Procrastination is the fight between these two systems. When you have to execute a task, the prefrontal cortex emerges as the planner, while the limbic system wants relief from the stress of having to complete the task. This conflict results in procrastinating the task. 

The limbic system is automatic and wants to protect you from anything unpleasant. It directs you for “immediate mood repair”. This system is always on and on the lookout to make you feel good, at any cost. It has no self control.

Prefrontal cortex, or the thinking brain, is a newer and weaker part of the brain. It is not automatic. You have to activate it for it to function, and consciously engage in the task.

When you’re not consciously engaged, the limbic system kicks in and makes you do “what feels good” – which is doing anything but the task that you have to do.

Reason 2: A maladaptive coping behaviour

For chronic procrastinators, procrastination is a form of maladaptive coping mechanism to avoid engaging with difficult tasks and relieve stress. 

We normally develop healthy coping strategies in early childhood.
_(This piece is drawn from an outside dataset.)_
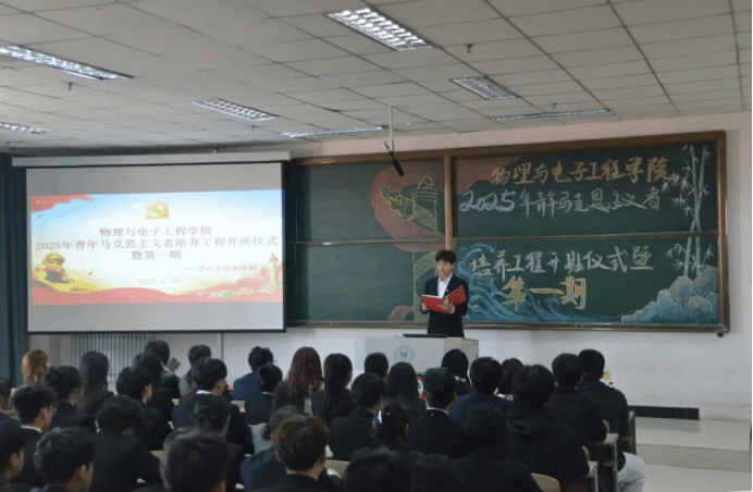 4月16日,太阳成集团tyc41183在教学主楼B502举办2025年青年马克思主义者培养工程开班仪式暨第一讲,150余名学生骨干参加培训。校团委书记施洋、学院党委书记刘超、学院党委副书记王东明、各年级辅导员参加开班式。

Difficult situations are part of life, so healthy coping behaviours help you overcome difficult situations faster and grow stronger.

Healthy coping strategies involve active problem solving, and includes applying cognitive, behavioural, and emotional control to navigate difficult tasks and situations. 
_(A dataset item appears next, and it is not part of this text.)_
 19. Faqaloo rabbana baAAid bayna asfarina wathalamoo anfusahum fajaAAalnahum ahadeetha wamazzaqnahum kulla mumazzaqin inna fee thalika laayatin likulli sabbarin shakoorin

Maladaptive strategies are formed when the typical coping development sequence is disrupted. Maladaptive coping can also develop later in life in response to stressful life events.

Without adaptive or healthy coping skills, we continue with less mature and maladaptive coping techniques such as avoidance, denial etc. People procrastinate when it becomes an emotional coping mechanism [4] and they have not developed healthy coping behaviours.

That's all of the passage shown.